Direct, non-radioactive detection of mutations in multiple endocrine neoplasia type 2A families.

作者信息

McMahon R, Mulligan L M, Healey C S, Payne S J, Ponder M, Ferguson-Smith M A, Barton D E, Ponder B A

机构信息

East Anglian Regional Genetics Service, Molecular Genetics Laboratory, Addenbrooke's NHS Trust, Cambridge, UK.

出版信息

Hum Mol Genet. 1994 Apr;3(4):643-6. doi: 10.1093/hmg/3.4.643.

Abstract

We have designed PCR primers that permit the rapid non-isotopic detection of mutations in codon 634 of the RET proto-oncogene, the causative mutations in over 80% of MEN 2A and 50% of FMTC families. In this paper we report the investigation of eleven MEN 2A families referred to the East Anglian Regional Genetics Service. Nine of these families carry codon 634 mutations. We were able to confirm the diagnosis of MEN 2A in twenty six affected individuals and to determine the carrier status of forty one individuals thought to be at risk of developing the disease. Of those at risk, thirty one patients lacked the familial mutation and ten were presymptomatic carriers of MEN 2A. In five cases the direct test proved that patients who had been treated by thyroidectomy but who lacked confirmed cancer, did not carry the familial mutation, removing the perceived risk of MEN 2A from their children.

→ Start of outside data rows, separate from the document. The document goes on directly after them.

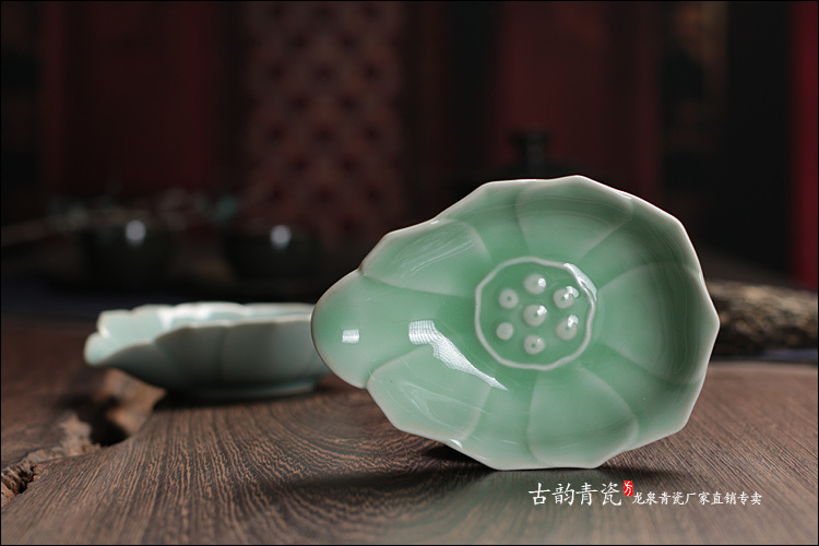 陶瓷茶荷龍泉青瓷功夫茶具荷葉蓮子茶勺茶則賞分茶盤茶道零配件1入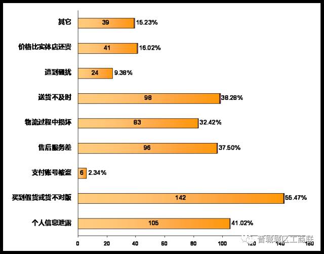 个人信息泄露(41.02%)也是网购中比较严重的一个问题,个人信息与个人财产安全息息相关,如遭到泄露将可能遭遇垃圾短信、骚扰电话、垃圾邮件、诈骗、账户钱款丢失等问题。在调查中,有6位消费者曾出现支付账号被盗的情况,发生率虽不高(2.34%),但一旦发生,损失将是巨大的。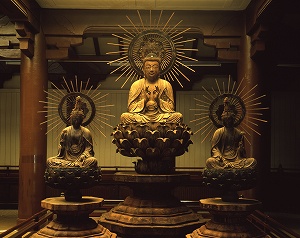 こちらが本尊の阿弥陀三尊坐像です。本堂の裏、階段を上がったところにあるお堂に安置されています。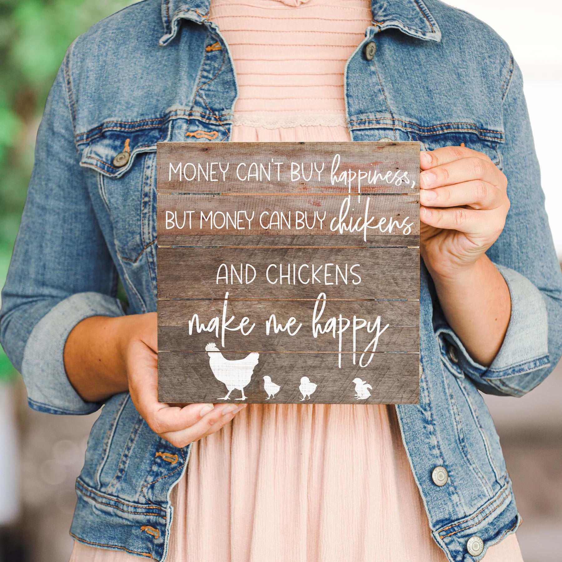 - Rustic sign reads Money can't buy happiness, But money can buy Chickens and Chickens make me happy.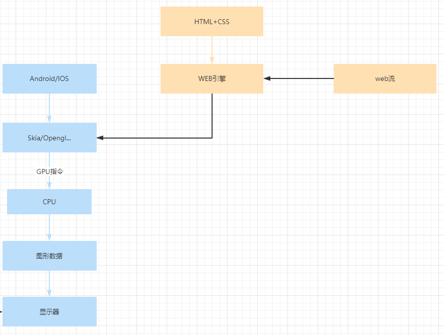 依托于web引擎的渲染来实现UI,底层需要的是一个web引擎来实现。主要依赖于浏览器引擎相关实现,规范按照HTML+CSS,运行载体是浏览器。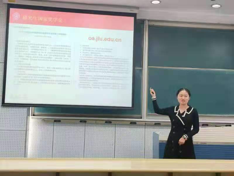 首先,公共外语教育学院研究生辅导员曾媛老师为大家详细讲解了吉林大学公共外语教学院的各项评奖评优细则,并鼓励大家在读研期间,积极进取,努力拼搏。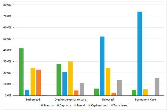 The analysis of rehabilitation outcomes showed that ‘trauma’ and ‘orphanhood’ had the highest percentages of mortality. Trauma related to anthropogenic activities represented the most frequent cause of mortality, consistent with previously published literature [
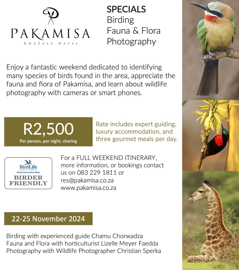 There are still a few places available for the next birding and photography weekend on Pakamisa (22-25 November).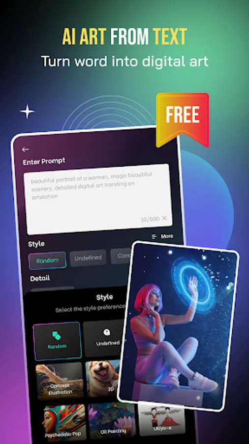 ► Convert words to images: this feature is completely FREE. Our AI photo maker lets you unleash your creativity. Just enter the description, in a split second your image will appear beautiful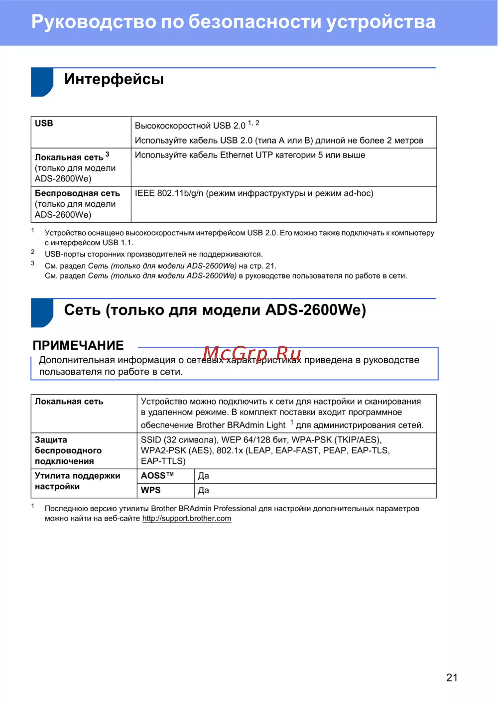 Brother ADS-2600We — руководство по безопасности устройства и настройке сетевых интерфейсов [21/23]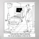 A person in a restroom with just a keyboard and monitor saying, “If you ask me, they’re carrying the virtual workplace a little too far.”

This group included one patient who had been diagnosed as having mild C-cell hyperplasia, confirming that in MEN 2A families C-cell hyperplasia can result from causes other than the presence of the MEN 2A mutation.

摘要

我们设计了聚合酶链反应(PCR)引物,可用于快速非同位素检测RET原癌基因第634密码子的突变,超过80%的2A型多发性内分泌腺瘤(MEN 2A)和50%的家族性甲状腺髓样癌(FMTC)家族的致病突变均源于此。在本文中,我们报告了对转介至东安格利亚地区遗传学服务中心的11个MEN 2A家族的调查情况。其中9个家族携带第634密码子突变。我们得以确诊26名受影响个体的MEN 2A,并确定了41名被认为有患病风险个体的携带者状态。在这些有风险的个体中,31名患者没有家族性突变,10名是MEN 2A的症状前携带者。在5个病例中,直接检测证明,接受过甲状腺切除术但未确诊患有癌症的患者没有家族性突变,从而消除了其子女患MEN 2A的潜在风险。这组患者中有1名曾被诊断为患有轻度C细胞增生,证实了在MEN 2A家族中,C细胞增生可能由MEN 2A突变以外的原因引起。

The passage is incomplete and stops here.